Alejandro P. Adam, PhD

Associate Professor

Molecular and Cellular Physiology

Areas of Study

Disproportionate Inflammatory Responses

Education

University of Buenos Aires2007PhD
University of Buenos Aires1999BS/MS

Research

Our mission is to find novel therapeutics to treat tissue damage and organ dysfunction caused by disproportionate inflammatory responses. We aim to achieve that by identifying the most critical mechanisms of the pathophysiology that lead to chronic and excessive inflammation.

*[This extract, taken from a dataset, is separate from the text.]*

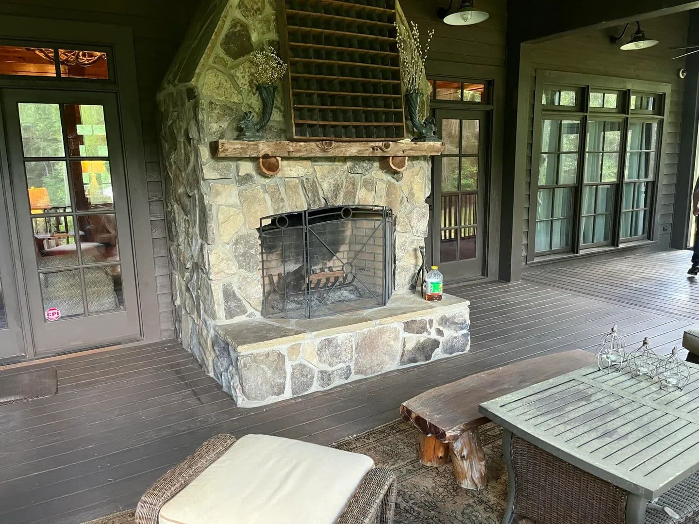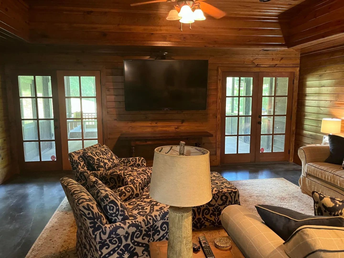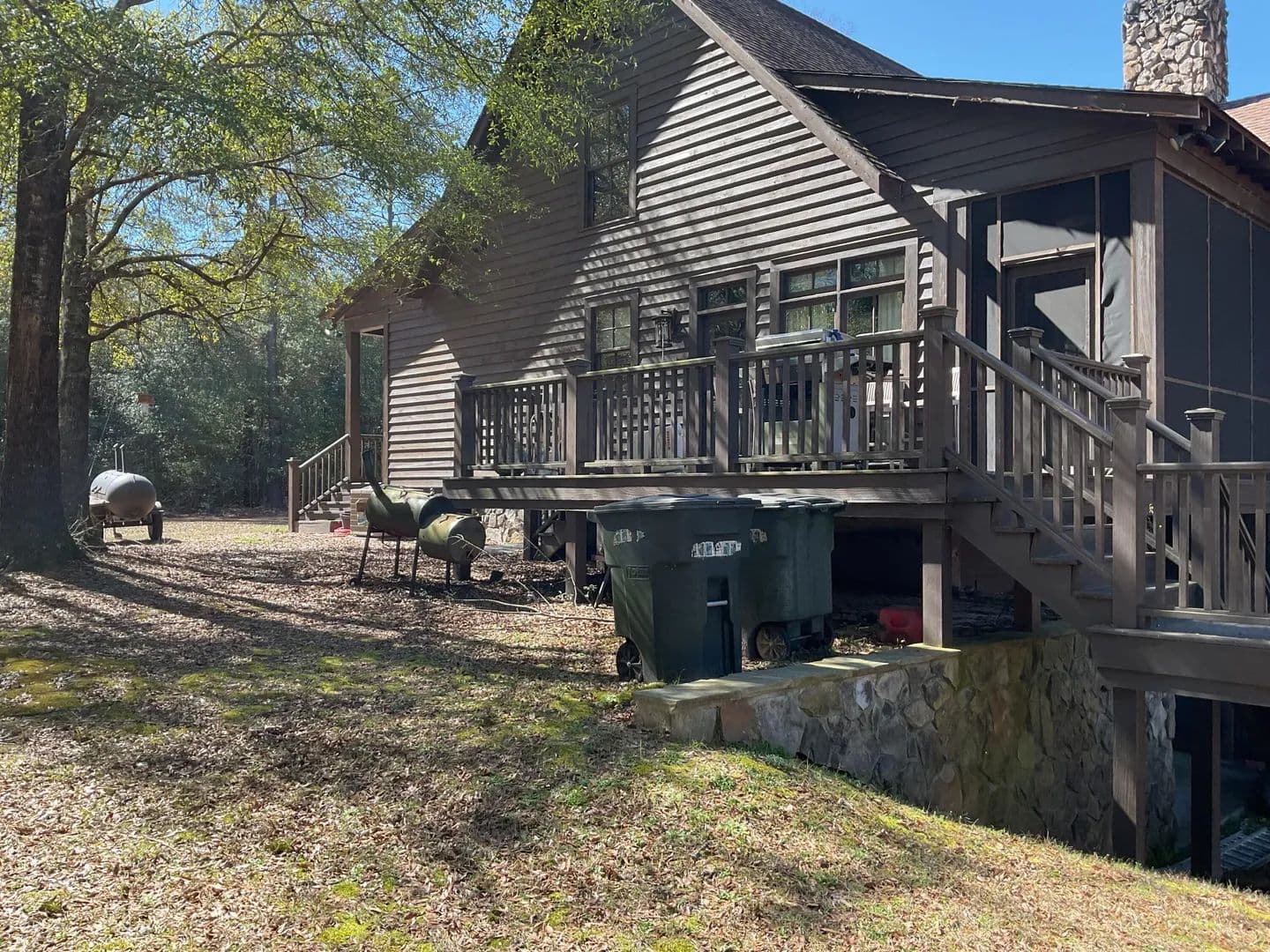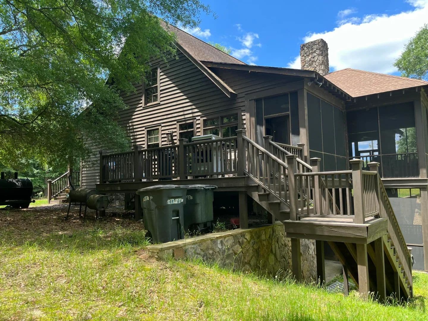 Main Level: A spacious kitchen with custom-designed cabinets and a large island seating four, an inviting family room, a luxurious master suite, a half bath, and a grand stone fireplace adorned with beautiful deer chandeliers, enhancing the home's hunting lodge ambiance. Step onto the screened-in deck, complete with a second fireplace, and take in breathtaking river views.

Find more info on Dr. Adam's website

When inflammation goes awry

A cytokine-driven acute increase in vascular permeability is an essential feature of the inflammatory response leading to tissue repair and pathogen clearance. However, sustained vascular leakage due to prolonged or exacerbated inflammation leads to organ damage, lasting sequelae and increased mortality. Multiple edemagenic factors are known to participate in the initial changes in endothelial permeability via well-defined mechanisms. The mechanism mediating the acute (minutes to hours) responses to proinflammatory cytokine signaling are well-described: phosphorylation of tyrosines in adherens junction proteins and an increase in actin-myosin contractility are two main mechanisms leading to a quick loss of endothelial intercellular adhesion and thus an increase in vascular permeability. Despite its importance in severe and chronic inflammation, little is known about the changes in the endothelium leading to a sustained (lasting hours to days) vascular barrier breakdown. Understanding these long-term mechanisms may prove crucial to allow us to directly target vascular leakage and minimize tissue damage, thus reducing the rates of mortality and chronic sequelae of excessive edema.

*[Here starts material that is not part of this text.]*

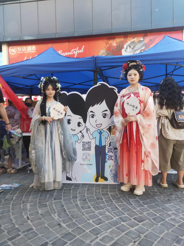 活动当天,检察干警在醒目位置设立普法宣传台,身着检察制服的身影与古色古香的建筑相映成趣。考虑到夏日炎热,他们还特意准备了印有检察服务热线和青花图案的文创团扇,为驻足咨询的群众送上清凉。团扇上,“珠山检察”字样与青花瓷纹样相得益彰,既实用又具纪念意义,深受大家喜爱,引众人排队领取。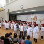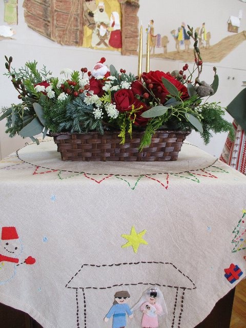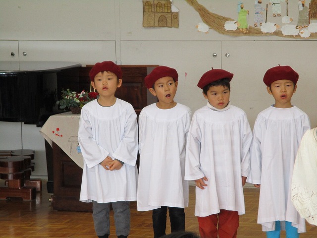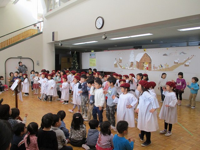 2016/12/23 メイプル クリスマス例会にて 12/1 共生・共育の会(保護者会)での礼拝の後、子どもたちの合唱グループ『グーリーンメイプル』の子どもたちによるクリスマスコンサートがありました。最後は皆で賛美ダンスを楽しみました。 卒園記念に刺繍したクロスが映えます 前の記事を見る 記事一覧に戻る 次の記事を見る

Endothelial signaling leading to edema – a role for STAT3

Multicellular organisms depend on strong, stable intercellular adhesion structures to maintain a cohesive state, but also on mechanisms to allow the separation of cells when required. Cells are held together by distinct cellular junctions, consisting of protein complexes that confer them with particular characteristics, such as protection against mechanical stress, barrier function, and cell-cell communication. These are the tight junction, the adherens junction (AJ), and the desmosome.

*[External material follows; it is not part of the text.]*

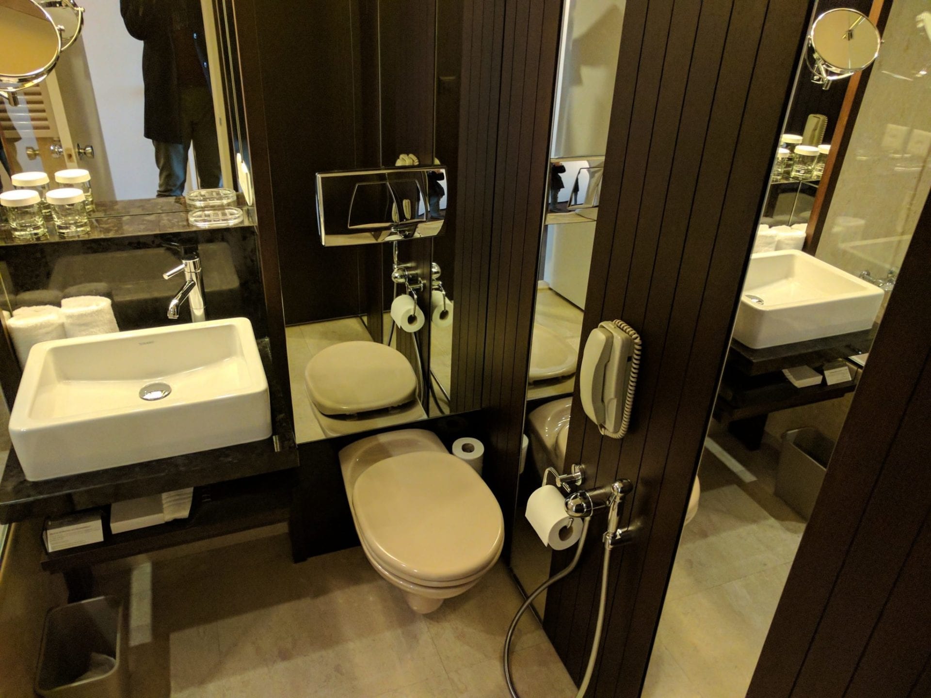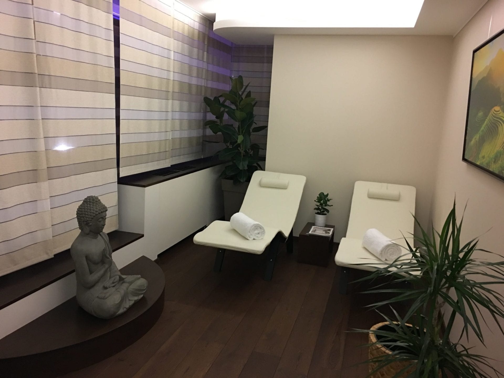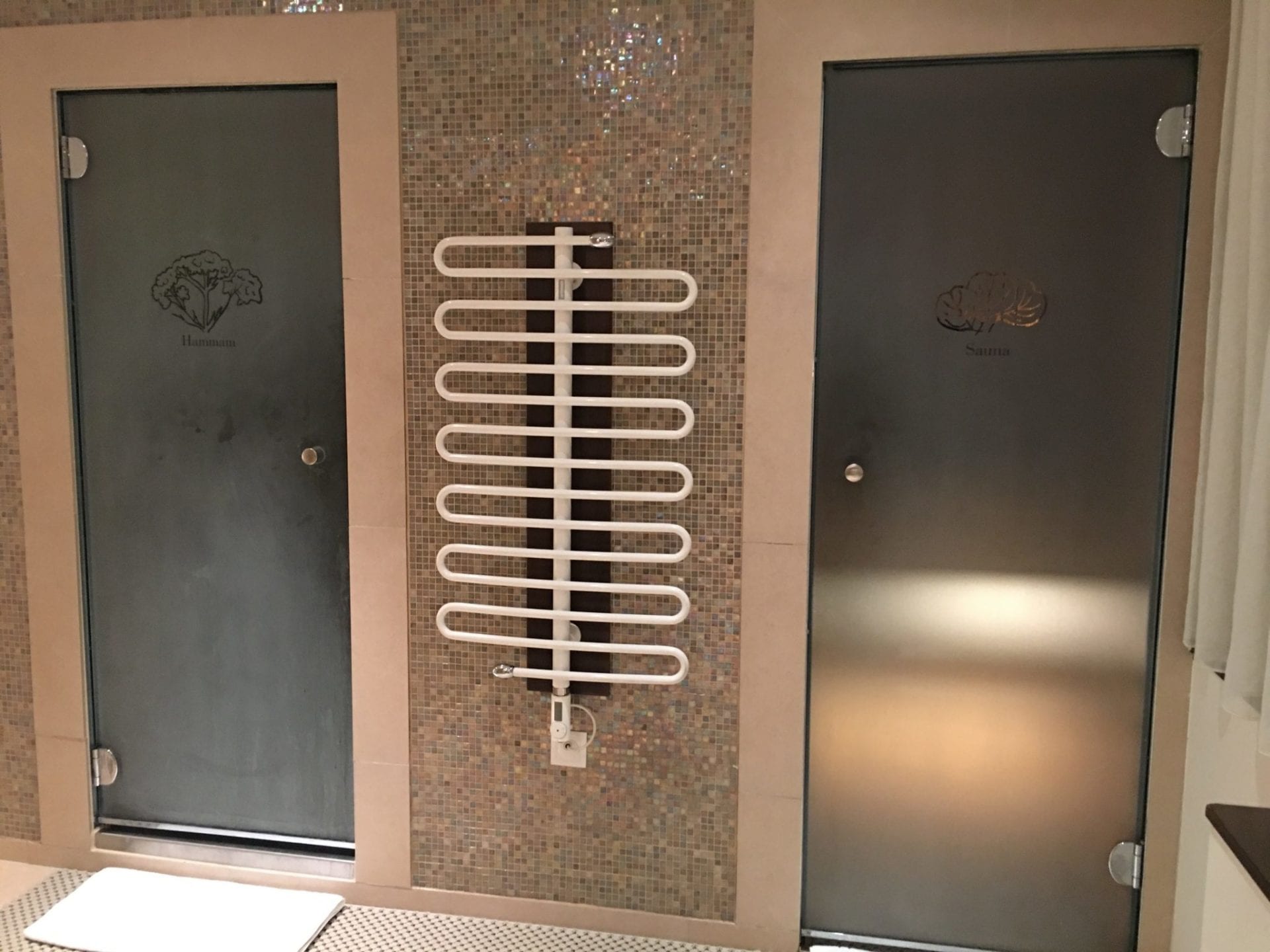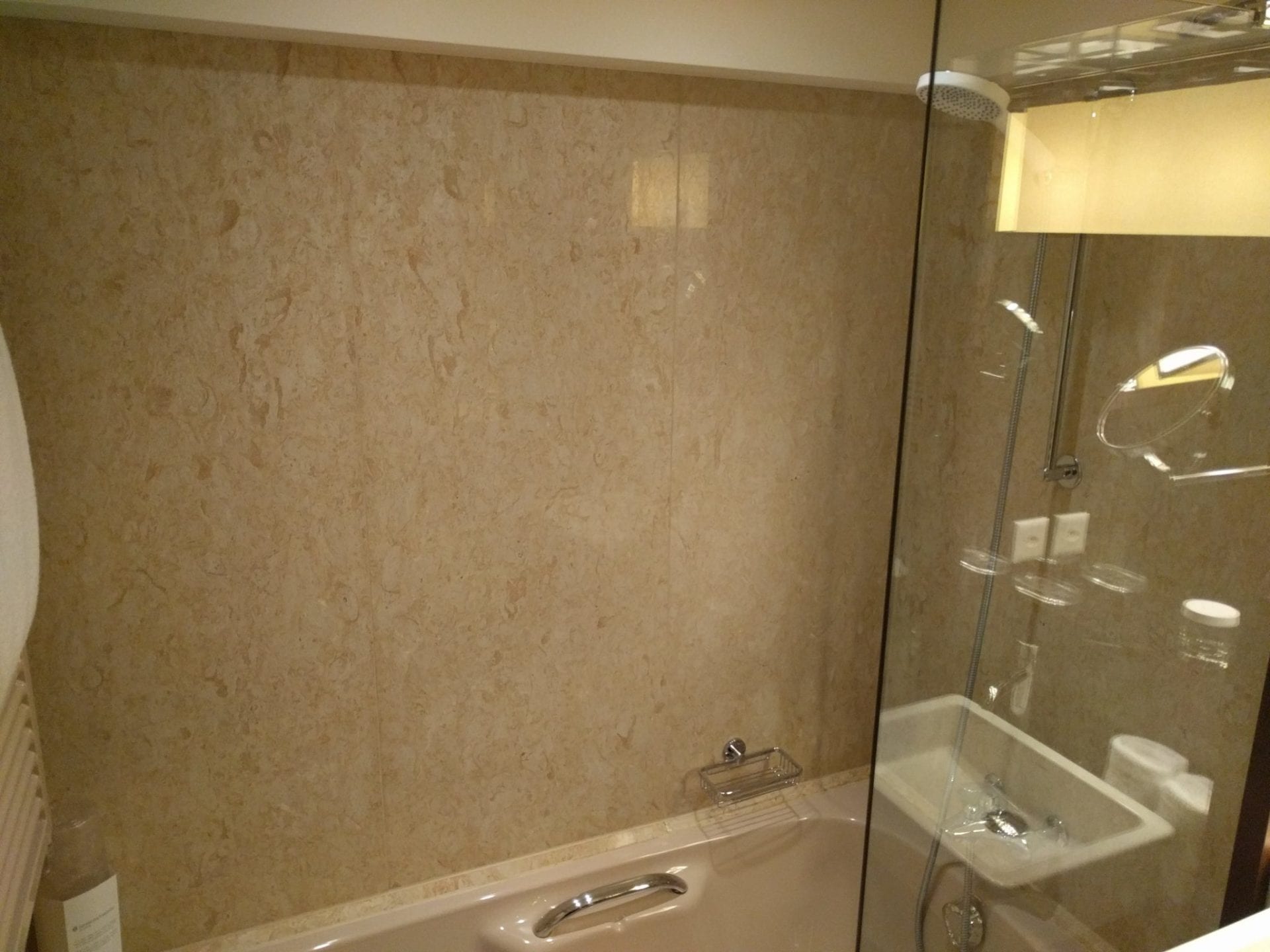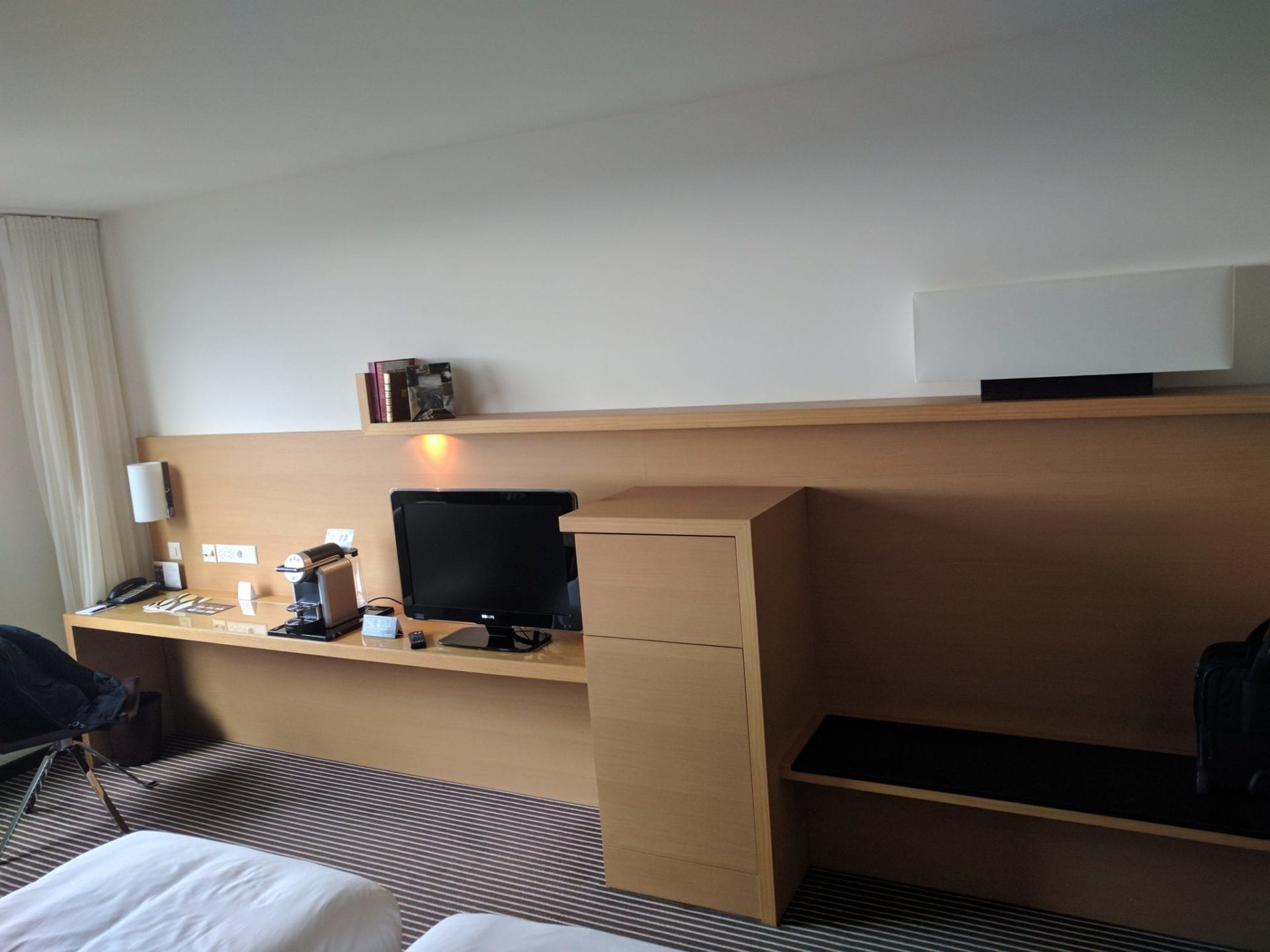 Ausgestattet ist das Zimmer klassisch mit zwei Betten, einem kleinen Schreibtisch, diversen Schränken und einer kleinen Couch. Wirklich überzeugt war ich von der Einrichtung allerdings nicht. Der Schreibtisch war zu klein, um ernsthaft zu arbeiten, dazu wurde beim Stuhl mehr Wert aufs Design als Ergonomie gelegt. Mit dem Mobiliar konnte ich mich insgesamt nicht wirklich anfreunden, aber dies ist sicherlich auch Geschmackssache. Der Fernseher war ungewohnt klein, aber auch kein Reinfall. Nett waren neben der Nespresso Maschine auch die diversen Bücher auf Englisch und Französisch, die im Zimmer verteilt waren.

Our published and unpublished data led us to propose that the extent and intensity of proinflammatory signaling in the endothelium is subject to control by multiple canonical and non-canonical tyrosine and serine/threonine kinases, leading to drastic differences in the overall barrier function loss. It is well accepted that phosphorylation of tyrosines in adherens junction proteins and an increase in actin-myosin contractility are two main mechanisms leading to a quick loss of endothelial intercellular adhesion and thus an increase in vascular permeability. In addition, mechanisms such as NF-κB-dependent transcriptional regulation are known to contribute to the loss of barrier function hours after treatment with the proinflammatory cytokine TNF-α. The relative importance of each pathway (cell contraction, transcriptional regulation and adherens junction phosphorylation) is still a matter of debate and the level of crosstalk between these signaling mechanisms is poorly understood.

Despite the well-accepted role of IL-6 in inflammatory diseases, including vascular barrier breakdown, little is known about the signaling pathways required for IL-6-induced barrier loss, beyond the IL-6-induced activation of JAK kinase activity. IL-6 initiates signaling by binding to a heterodimeric receptor complex involving the gp80 (IL-6Rα) and gp130 subunits. Binding of the IL-6•IL-6Rα complex to gp130 allows gp130 to activate the JAK family of kinases (comprising JAK1, 2, 3 and TYK2) resulting in the stimulation of a number of downstream pathways. STAT3 phosphorylation at Y705 directly by JAK drives STAT3 dimerization, nuclear localization and binding to responsive promoter elements (23). In addition, JAK activity also promotes the recruitment of SHP2 and activation of PI3K/Akt and Raf/MEK/Erk pathways. In vivo, IL-6 and JAK signaling are critical factors in the development of edema following LPS or VEGF treatment as well as in models of heart ischemia/reperfusion, hemorrhagic shock, and focal cerebral ischemia. In vitro, IL-6-induced increases in permeability in the endothelium require JAK as demonstrated using inhibitors of JAK activity. We recently showed that IL-6 promotes an increase in endothelial monolayer permeability that lasts over 24 h and demonstrate that activation of Src and MEK/Erk pathways are required only for short-term increases in permeability, being dispensable after 2 h. Instead, JAK-mediated STAT3 phosphorylation at Y705 and de novo synthesis of RNA and proteins mediate the sustained increase in permeability.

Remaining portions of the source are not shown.